By Alex Nicolson PGA (First published in Golf Monthly in 2014)
Previously we looked at how an instinctive approach to chipping can dramatically improve your striking. Being clear on what the clubhead needs to do to the ball and playing the shot more re-actively can get your striking where it needs to be to build a good short game. In this article, I would like to help you take your chipping further - beyond a results-centric means to an end, to a stage where the process itself is a true source of enjoyment.
If you talk to a golfer who loves chipping, it’s not just because they are good at it (although they probably are). They see the art of chipping differently. Plotting the best route to the hole requires imagination and creativity, and they savour this problem-solving aspect of each chip. They study the lie, the slopes and swales in the green, the likely bounce and role of the ball. They have a variety of clubs and strategies at their disposal.
Whereas full shots are mostly hit at “full power”, chipping offers a considerably wider spectrum of feel, from the deftest chip and run, to the firm punch that squeezes the ball from the turf.
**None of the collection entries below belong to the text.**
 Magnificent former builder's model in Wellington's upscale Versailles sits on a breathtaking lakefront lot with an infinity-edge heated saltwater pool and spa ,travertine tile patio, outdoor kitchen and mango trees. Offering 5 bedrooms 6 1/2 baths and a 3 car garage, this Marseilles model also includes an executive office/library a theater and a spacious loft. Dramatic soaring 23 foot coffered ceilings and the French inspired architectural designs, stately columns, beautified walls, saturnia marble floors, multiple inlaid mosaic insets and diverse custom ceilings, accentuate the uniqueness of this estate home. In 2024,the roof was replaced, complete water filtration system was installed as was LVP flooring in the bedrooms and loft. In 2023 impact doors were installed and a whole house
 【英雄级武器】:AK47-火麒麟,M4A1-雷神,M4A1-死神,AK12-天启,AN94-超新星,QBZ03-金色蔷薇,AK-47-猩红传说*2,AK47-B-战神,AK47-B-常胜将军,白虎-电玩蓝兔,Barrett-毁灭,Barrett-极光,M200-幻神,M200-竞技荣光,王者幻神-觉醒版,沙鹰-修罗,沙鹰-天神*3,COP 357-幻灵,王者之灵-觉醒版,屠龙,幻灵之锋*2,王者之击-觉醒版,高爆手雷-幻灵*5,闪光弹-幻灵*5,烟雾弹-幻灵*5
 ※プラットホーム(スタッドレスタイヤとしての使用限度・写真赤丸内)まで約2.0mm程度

From first arriving at the ball, to watching it travel to the hole, chipping lovers are immersed in the process.
The circle of mediocrity
One reason that most golfers don’t experience chipping like this, is their perception that devoting so much attention to a chip is only worthwhile for better players. “I’m just happy to get it within 10 feet” is a standard that I commonly hear. A low standard, leading to poor preparation, which in turn produces poor results, reinforcing the low standard and perpetuating the circle of mediocrity.
The results are poor but, more importantly, the quality of experience is limited. Without clear intention and commitment, chipping becomes a nothing part of the round. - a time-filler. However, it can be so much more (and your score will benefit).
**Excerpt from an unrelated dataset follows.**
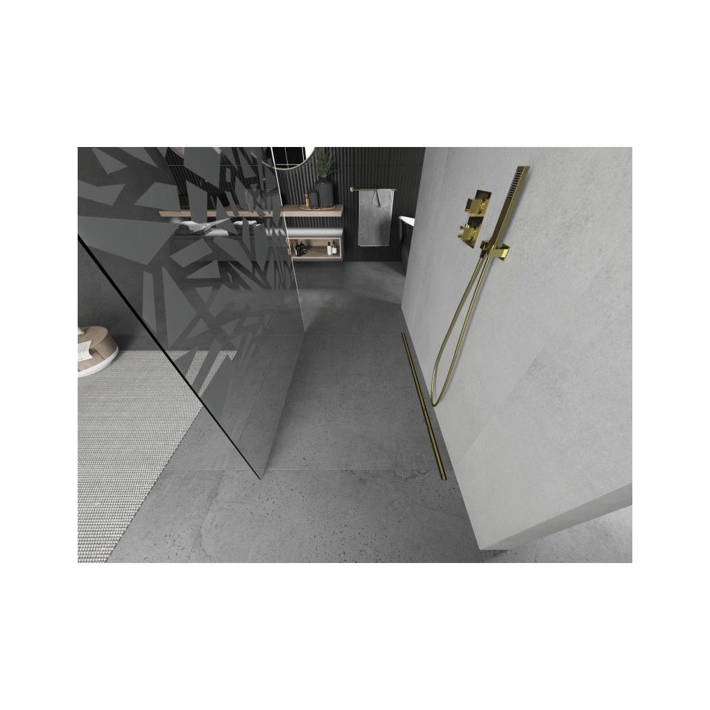 Mexen Kioto, paravan de duș 130 x 200 cm, model sticlă transparentă/alb de 8 mm, 2x distanțier stabilizator auriu, 800-130-002-50-85
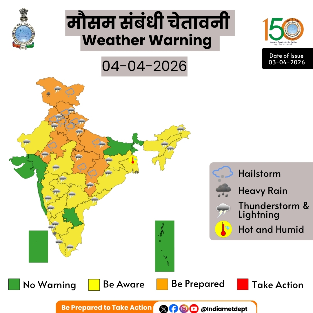 अगर आप इस वीकेंड बाहर जाने का प्लान बना रहे हैं तो इससे पहले एक बार मौसम का पूर्वानुमान जरूर जान लीजिए। पिछले 24 घंटे की बात करें तो देशभर में पिछले 24 घंटे में बारिश, ओले और तेज हवाएं देखने को मिली हैं। उत्तर भारत से दक्षिण और मध्य और पूर्वी-पूर्वोत्तर भारत में मौसम खराब रहा। बेमौसम बारिश से किसान परेशान हैं और फसलों की कटाई से लेकर मंडी तक पहुंचाने में मुश्किलें आ रही हैं। मौसम विभाग के पूर्वानुमान के अनुसार, आज भी देश के कई राज्यों में बारिश होने की संभावना है। मौसम विभाग ने बताया है कि दो पश्चिमी विक्षोभ सक्रिय रह सकते हैं और उनका सबसे ज्यादा असर 4 अप्रैल यानी आज देखने को मिलेगा।

The 4 stages of chipping love
1. What would it look like if the ball went in?
Golfers tend to not set their sights very high because probability says they won’t get it close and it avoids disappointment. If this applies to you, try swapping probability for possibility and see what happens – there’s no downside. When surveying a chip, ask yourself the question, “What would it look like if the ball went in?”
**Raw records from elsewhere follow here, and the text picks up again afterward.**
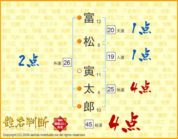 富(12画)松(8画) 寅(11画)太(4画)郎(10画)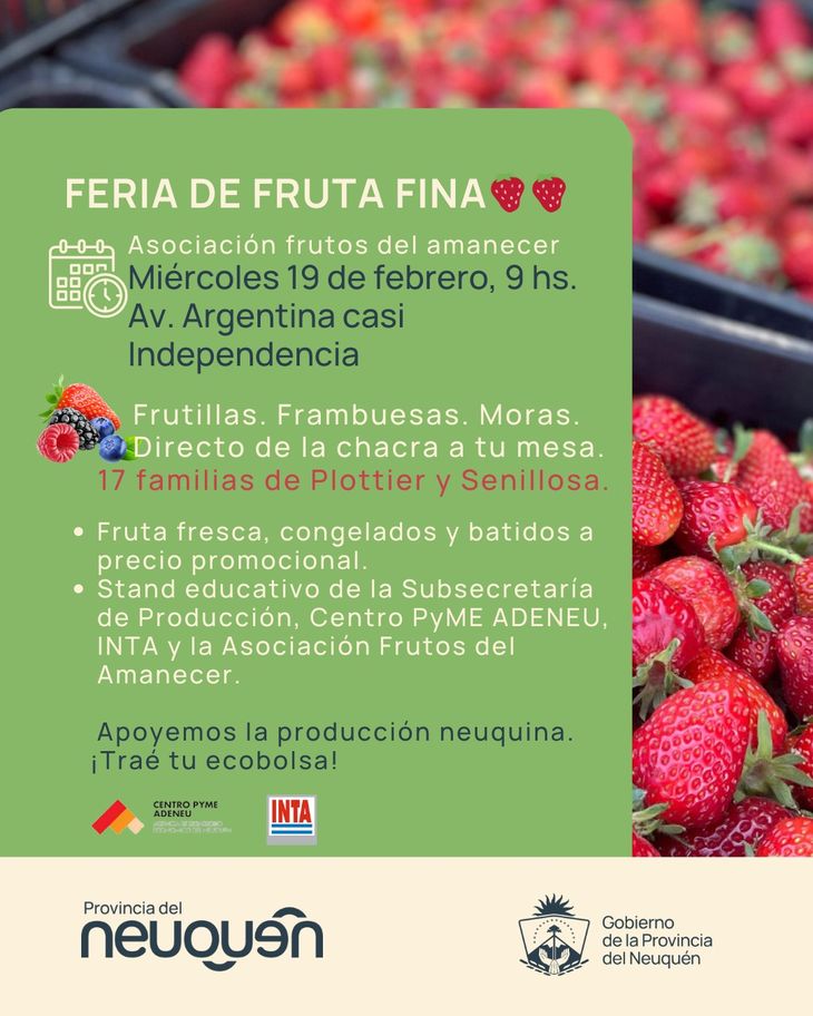 Hoy, a partir de las 9 horas, la Asociación Frutos del Amanecer llevará a cabo una jornada de comercialización de fruta fina en el centro de Neuquén, en Av. Argentina, casi Independencia. La iniciativa reúne a 17 familias productoras de las localidades de Plottier y Senillosa, quienes ofrecerán frutillas, frambuesas y moras directamente desde sus chacras. Además de la venta de fruta fresca, el evento incluirá un espacio educativo coordinado por organismos técnicos que asisten a los productores. Este sector permitirá conocer más sobre los cultivos y los beneficios de la producción de fruta fina en la región.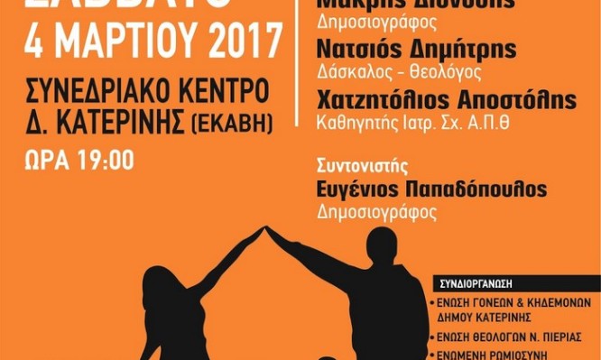 Την ημερίδα συνδιοργανώνουν οι φορείς: Ένωση Γονέων και Κηδεμόνων Δ. Κατερίνης, Ένωση Θεολόγων Ν. Πιερίας, Σύλλογος Πολυτέκνων Ν. Πιερίας, Ενωμένη Ρωμιοσύνη, Σχολή Γονέων Κατερίνης, ΓΕΧΑ Κατερίνης, Ιεραποστολικός Σύλλογος «Κυριακή». Την παρουσίαση και συντονισμό της ημερίδας την εκτελεί ο Δημοσιογράφος Ευγένιος Παπαδόπουλος.

In answering this question, your inner Professor goes about trying to solve the puzzle. Your attention switches on, and you begin to notice the lie and the slopes in greater detail, trying to imagine where the ball might need to land before bouncing and rolling into the hole – which club would do the job best? Since every chip is different, you can be really absorbed in trying to solve the particular problem in front of you, every time. The benefit is that you go into the shot with intent. Gone are the vagueness and indecision that so often trigger poor technique.
2. What might it feel like?
Arming yourself with this new quality of information gives your practice swing real purpose - translating the picture in your mind into a feel - the strength of strike required. The golfer who imagines the possibility of holing the shot will obviously be looking for a more precise feel than his “somewhere up there” alter ego.
3. Hitting the shot – letting instinct take over
My previous article talked about the actual hitting, but you can see how much more inclined your conscious mind might be to let your instincts take over for the hit, if it has clarity on the task at hand.
4. Learning – what did the clubhead do?
I am fascinated by what fascinates people. In physical tasks like golf, one of the recurring ingredients present when people are truly absorbed is learning. In chipping, the question most worth exploring, either by intuition or deduction, is “what did the clubhead do?” Answering this question can be much more fruitful than trying to diagnose a technical swing fault. If you leave a chip short for example, was the problem the quality of the connection, or the (lack of) speed at which the club was travelling? If you get into the habit of asking yourself “what did the club do”, over time you will get to a stage where you intuitively know, almost immediately, what happened at impact. You will be much more able to shrug off a mishit, as you know exactly what the club needs to do differently next time, and you will instinctively make the right adjustments.
Directing your attention
Think of your attention (or focus) as a spotlight that can be pointed in any direction you choose. Where was the spotlight directed for the chip described above? When sizing up the chip, our attention is on the route to the target. When rehearsing the swing, our attention then might move to the clubhead, or a feel in the hands. In the actual stroke, you might find the best results come from focusing on a single dimple on the ball, or the target itself. Either way I’d encourage you to explore what works for you and to see this level of immersion as the source, rather than the outcome of good play. This wonderful relaxed concentration will not only yield your best golf but is also enjoyable in its own right.